Geography goes hand-in-hand with many of the topics taught within R.E. It is fundamental that, when learning about different cultures and religion across the wider world, children have some understanding of the locality and origins of these cultures. Atlases are used to track the wide variety of journeys taken by key figures in history.
Art is a subject that links particularly well with R.E. The children at Hillside are encouraged to explore the ways in which religions express meaning through art, or study past cultures and see what kind of art they created and consider the way that the religion of those peoples may have inspired or informed their art. On any visit to a place of worship, the architecture, images and pictures will be of central importance. For example, at Milton church there are stained glass windows and although at the local Mosque in Normacot there will be an absence of images, decorative use of calligraphy and geometry will be seen.
Educational visits and visitors
At Hillside, we place great importance on educational visits and visitors to enhance the R.E. curriculum. These visits provide rich opportunities for children and young people to learn about things that matter in the lives of local people and the wider world.
- Each Easter and Christmas, the whole school visits the local Parish Church in Milton for a service. At Easter time, each class contributes to the service with a poem or song and at Christmas time, a variation on the Christmas Nativity is performed by the children in Key Stage 2.
- Hillside has invited a number of religious leaders into school to supplement the children’s learning including a local Jewish Rabbi and ministers from different branches of Christianity.

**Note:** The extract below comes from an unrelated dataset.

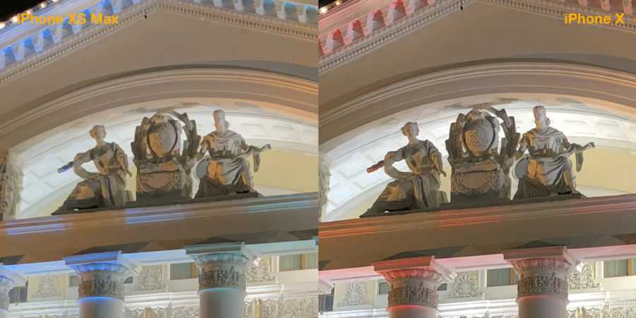 Я делал несколько кадров одновременно на X и XS, и на них было видно, как хорошо новая камера справляется с яркими источниками света вроде ламп, фар и солнца. Лампы, которые казались размазанными пятнами на снимках с X, оказывались яркими, но аккуратными кругами на кадрах XS.
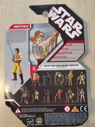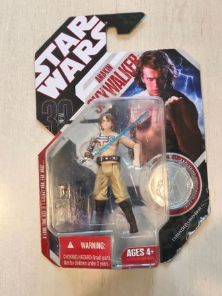 Figura Star Wars 30th Anniversary 3,75” Anakin Skywalker, Hasbro 2007 , el cartón tiene alguna arruga en los bordes (ver fotos), expanded universe. Figura de acción de Anakin Skywalker de Star Wars, parte de la colección del 30 aniversario. - Escala de 3,75 pulgadas. - Incluye sable de luz. - Edición Expanded Universe.

- Each year a group of pupils attended the annual R.E. conference. The aim of the annual conference is for the pupils to learn from one another through shared experience and dialogue. A variety of themes are explored on this day and the children feedback to the rest of the school.
- Each term, we hold a Celebration of R.E. day. Each day has a specific theme that is studied through the 4 religions, Christianity, Islam, Judaism and Hinduism. Examples of activities that take place on these days are Bhangra dancing, where a fantastic Indian dancer was invited to school, multi-cultural food tasting, with food provided by the S-o-T catering department and a change around day where the children moved classes each hour to work with different teachers. The children particularly enjoy these days and learn a lot.
Assessment for learning
The learning outcomes in the Stoke on Trent Agreed Syllabus support teachers at Hillside in assessing whether pupils are on track to meet the end of key stage expectations. Assessment requires teachers to know what individual pupils know and can do. The learning outcomes on each key question outline will help teachers to assess this, and to devise appropriate learning activities to enable pupils to secure their understanding and skills.
Schools need to be able to track the progress of pupils. Again, the ‘emerging, expected and exceeding’ outcomes on each key question will allow teachers to track progress across a year group. This is because the outcomes have been written to assist pupils in moving towards the end of key stage outcomes, which is why the key question outlines have been linked to recommended year groups.
R.E. floor books have been introduced in all classrooms, displaying examples of children’s work/photographs and post its. Teacher’s use this evidence alongside ongoing observations to make accurate judgments of a child’s progress in R.E. Assessments are then recorded using the Hillside assessment procedure.